The original intent was if the cannonball detection returns true, The cannonball will be simply loop itself because I set timer->setLoopCount(0); for the TimeLine (unlimited loop). That is done via if (hits_enemy()) timer->setCurrentTime(0); code, although I seem to misunderstood the code runtime (Currently, I ended up putting that setCurrentTime and the loop detection code inside painter function because it seem that only that part of the code is being run over and over again.)

I never knew that you should set the timer in the main widget instead on individual classes. I'll take note on that. Also, I derive my cannonballs from QGraphicsItem instead of QGraphicsObject so I haven't touched on that.

I have another question, when I create my QGraphicsScene outside the main widget / as a global variable, (so that it can be accessed by these sprites for remote deletion / etc.) the program crashes. Is there any workaround on it?

Thanks again.

EDIT: Here are the codes so far. Currently I am having trouble about deleting the enemy whenever they reach 0 HP upon collision with the cannons because I honestly don't have an idea about how to notify the main widget that a collision has happened and delete the object from the scenes there.

d_stranz
28th September 2012, 03:48
I honestly don't have an idea about how to notify the main widget that a collision has happened and delete the object from the scenes there.
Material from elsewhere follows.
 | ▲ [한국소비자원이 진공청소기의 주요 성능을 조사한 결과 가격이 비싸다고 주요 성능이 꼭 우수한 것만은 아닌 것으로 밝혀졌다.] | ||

If you derive your cannonball object from QGraphicsObject instead of QGraphicsItem, then it can have slots and signals. So, if you do your collision detection inside the cannonball code, then have it emit a signal "uhOhIAmAGoner( cannonball * unlucky )" that can be handled by a slot in the main window, view, or scene. Since the signal passes itself (this), you don't have to resort to tricks to find out which cannonball hit the mob.
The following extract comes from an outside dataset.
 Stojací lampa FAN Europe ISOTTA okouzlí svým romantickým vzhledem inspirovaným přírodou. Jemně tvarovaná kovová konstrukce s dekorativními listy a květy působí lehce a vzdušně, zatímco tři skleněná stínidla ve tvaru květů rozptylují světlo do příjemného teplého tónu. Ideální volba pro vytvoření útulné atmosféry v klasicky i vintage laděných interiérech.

class cannonball : public QGraphicsObject
{
Q_OBJECT;

// ...

signals:
void uhOhIAmAGoner( cannonball * unlucky );

protected slots:
void hitEnemy();

protected:
QTimer timer;
};

cannonball::cannonball( QGraphicsItem * parent ) :
: QGraphicsObject( parent )
, timer( this )
{
timer.setInterval( 100 );

connect( &timer, SIGNAL( timeout() ), this, SLOT( hitEnemy() ) );
timer.start();
}

void cannonball::hitEnemy()
{
if ( collidedWithAMob() ) // You can figure this part out
{
timer.stop();
emit uhOhIAmAGoner( this );
}
else
updatePosition();
}

class MainWindow: public QMainWindow
{
// ...

public slots:
void killThatCannonball( cannonball * cball );

protected:
void addACannonball();

private:
QGraphicsScene mobScene;
};


void MainWindow::addACannonball()
{
cannonball * cBall = new cannonball();
// establish initial trajectory, etc.

mobScene.addItem ( cBall );

connect( cBall, SIGNAL( uhOhIAmAGoner( cannonball * ) ), this, SLOT( killThatCannonball( cannonball * ) ) );
}

void MainWindow::killThatCannonball( cannonball * cBall )
{
mobScene.removeItem ( cBall );
delete cBall;
}


Of course, none of this code has been compiled and certainly not tested. That's why your professor gave it to you as a homework project...

wysota
28th September 2012, 11:12
Collisions should be detected from within the scene. Then notifying anyone you want is easy since the scene is derived from QObject. Depending on what your architecture looks like, you might want to do this from within QGraphisScene::advance().